▶ [WHAT IS BEING ASKED] Produce a word-for-word copy of the line that contains "カロンという名のこのポニーの背には 北海道の模様がくっきりと浮かんでいる。 音別町の佐藤牧場で生まれ育ったこのカロンには" and each line after it through the end of the material, omitting pictures and all other lines.
=======
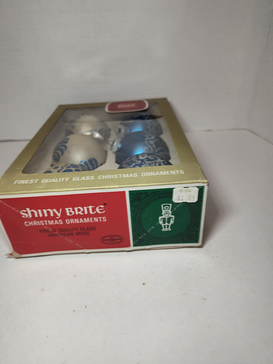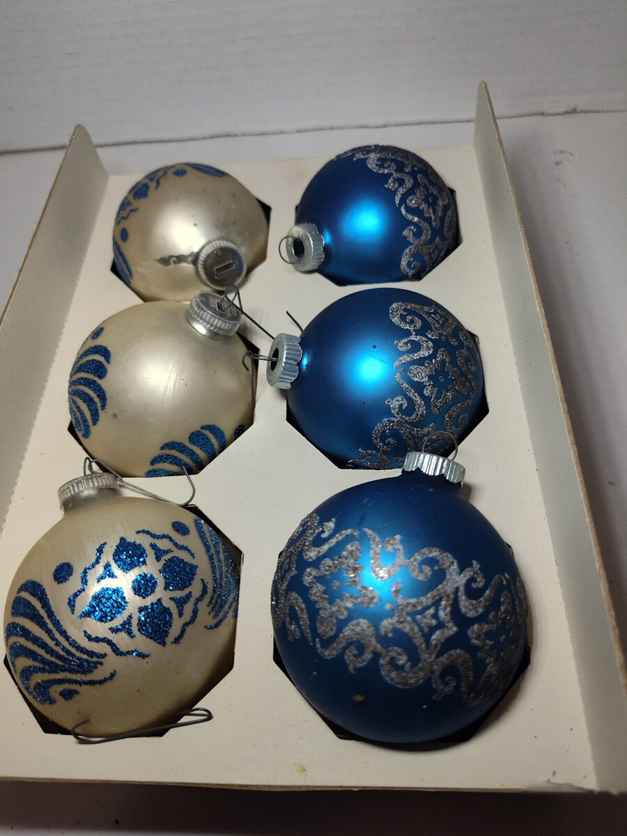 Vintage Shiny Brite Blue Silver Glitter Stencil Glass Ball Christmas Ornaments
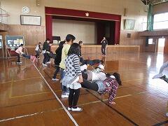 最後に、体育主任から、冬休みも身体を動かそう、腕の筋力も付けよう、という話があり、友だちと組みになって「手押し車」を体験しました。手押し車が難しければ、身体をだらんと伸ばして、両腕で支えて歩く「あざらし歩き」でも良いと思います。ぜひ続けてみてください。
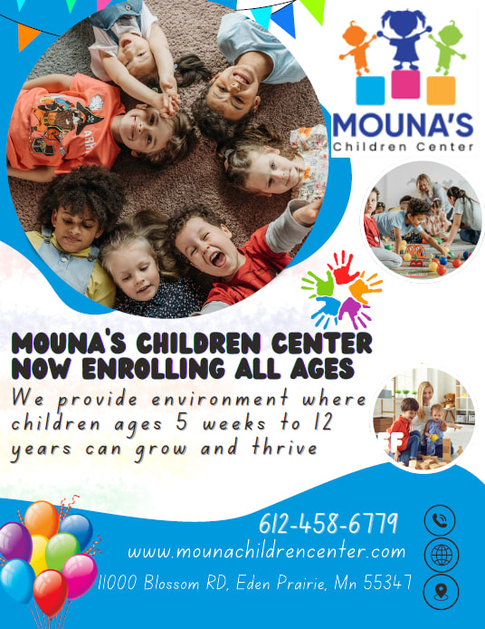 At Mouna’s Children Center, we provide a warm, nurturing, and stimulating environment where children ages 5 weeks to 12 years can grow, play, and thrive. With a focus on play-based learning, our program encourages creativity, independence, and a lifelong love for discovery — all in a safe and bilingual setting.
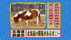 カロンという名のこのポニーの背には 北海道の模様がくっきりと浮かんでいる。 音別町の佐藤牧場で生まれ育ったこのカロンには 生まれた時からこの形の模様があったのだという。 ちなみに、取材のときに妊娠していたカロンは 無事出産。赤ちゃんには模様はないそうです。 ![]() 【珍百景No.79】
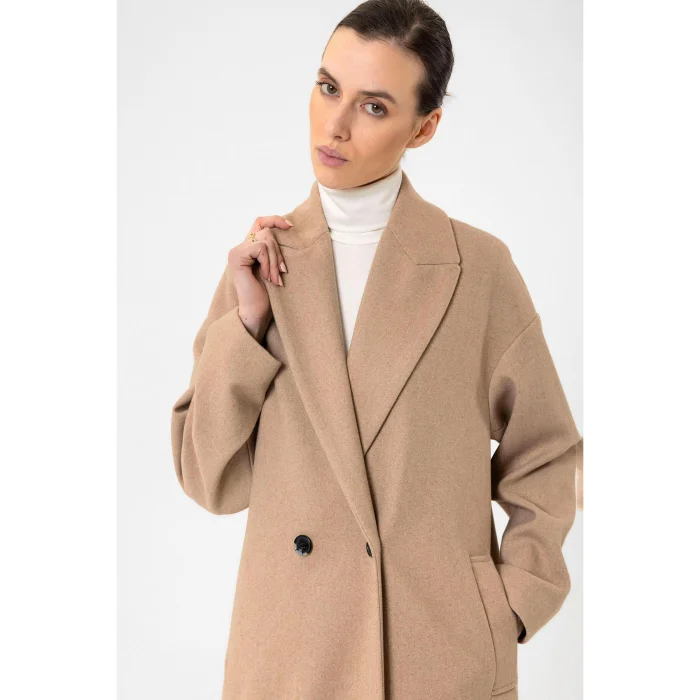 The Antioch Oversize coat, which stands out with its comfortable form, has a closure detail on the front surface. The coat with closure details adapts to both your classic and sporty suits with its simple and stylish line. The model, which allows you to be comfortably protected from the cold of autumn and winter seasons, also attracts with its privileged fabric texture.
=======
▶ [ANSWER SPACE]
 カロンという名のこのポニーの背には 北海道の模様がくっきりと浮かんでいる。 音別町の佐藤牧場で生まれ育ったこのカロンには 生まれた時からこの形の模様があったのだという。 ちなみに、取材のときに妊娠していたカロンは 無事出産。赤ちゃんには模様はないそうです。 ![]() 【珍百景No.79】
 The Antioch Oversize coat, which stands out with its comfortable form, has a closure detail on the front surface. The coat with closure details adapts to both your classic and sporty suits with its simple and stylish line. The model, which allows you to be comfortably protected from the cold of autumn and winter seasons, also attracts with its privileged fabric texture.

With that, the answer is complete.